FAA Chief Administrator Steve Dickson  took the stage for a keynote addressed to a full – appropriately socially distanced – global audience of drone industry stakeholders.

Dickson comes from a manned aircraft background, as an executive for Delta Airlines, and his approach to drone integration reflects that: Dickson is justifiably proud of the safety record that the U.S. holds in aerospace, and made it clear that the public has a right to expect that safety record to continue.  After the requisite statement on safety, Dickson provided a valuable update on the progress of drone regulation and integration.

Trusted Integration

Dickson says that the FAA goal is “trusted integration.”  “Trusted Integration,” he says, “means that we have confidence that we’re all on the same page to get drones safely and efficiently integrated into the airspace.”  With the cooperative rulemaking committees in place at the FAA – from the Drone Advisory Committee to the newly formed BVLOS Advisory Rulemaking Committee – help to ensure that all parties understand the goals and the reasons behind drone policy.

“I see policy as a protective sphere around the airplane,” he said. “For drone integration, we’ve done our best to allow for as much innovation and operation as possible… we’re actually at the point right now where we are bumping up against the edges of what’s practical.”

Next Steps: BVLOS Flight, Drone Certification – and FAA Reorganization

While Dickson calls Remote ID “a significant milestone in our journey,” flight beyond visual line of sight (BVLOS) and aircraft certification are next on the agenda for the agency.
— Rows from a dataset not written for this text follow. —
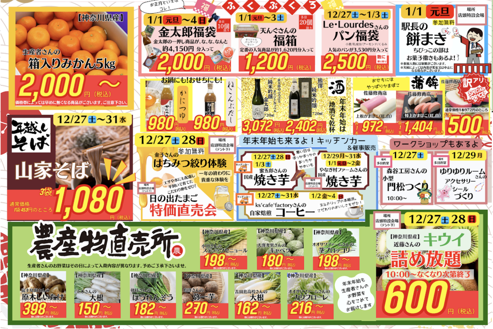 道の駅足柄・金太郎のふるさと(運営:株式会社相州・村の駅、所在地:神奈川県南足柄市)は今年1年のご愛顧に感謝し、また新年のご挨拶も込めて2025年12月27日(土)~2026年1月4日(日)まで「行く年くる年 道の駅足柄・金太郎のふるさと年末年始大感謝祭」を開催します。今回のイベントでは、人気商品が集まったお得な福袋や、生産者さんのお野菜の特売、お正月飾りのワークショップやはちみつ絞り体験などを開催します。さらに、やまゆりポークや自然薯をつかった新メニューも登場!数々の体験を通して、南足柄や神奈川県の魅力に触れることができるイベントをもりだくさんにご用意しています。
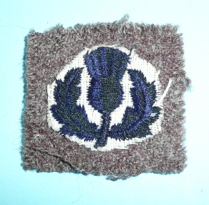 From its establishment in 1859, The London Scottish wore Hodden Grey uniforms with dark blue facings until 1914. In Khaki and on Battledress they wore a a Hodden Grey square with a dark blue thistle to commemorate this. Removed from uniform. slightly raggy edges otherwise in good condition and early. Scarce.
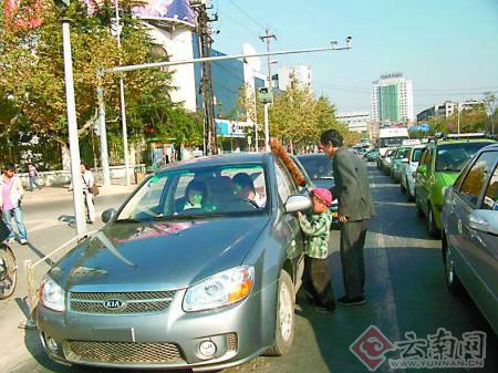 手拿雞毛撣子,見車停下等信號(hào)燈就趕忙上前掃車,當(dāng)車主打開車窗看究竟時(shí),立馬伸進(jìn)一只手并索要清潔費(fèi),你要不給錢接下來還有一招——下跪。近日,守在昆明市各大路口的要錢族又出新花樣——拿雞毛撣子掃車窗,有人戲稱他們是掃灰族。

For BVLOS flight, Dickson says that the agency is moving quickly, and expects to receive feedback from the BVLOS Advisory Committee by late fall, which should result in a notice of proposed rulemaking.   Aircraft certification is also changing: the FAA is evolving the way that they certify aircraft, though the MOSAIC program – which stands for Modernization of Special Airworthiness Certificates.  That evolution, Dickson explains, appropriately scales the aircraft certification process to accommodate new aircraft.

Finally, Dickson said that the FAA itself is changing.  “We’re evolving the agency,” Dickson said, in order to make it easier for flyers to find the resources that they need and to integrate unmanned systems into the manned aircraft control systems.

“It’s important that we’re able to operate in harmony with manned aviation,” said Dickson.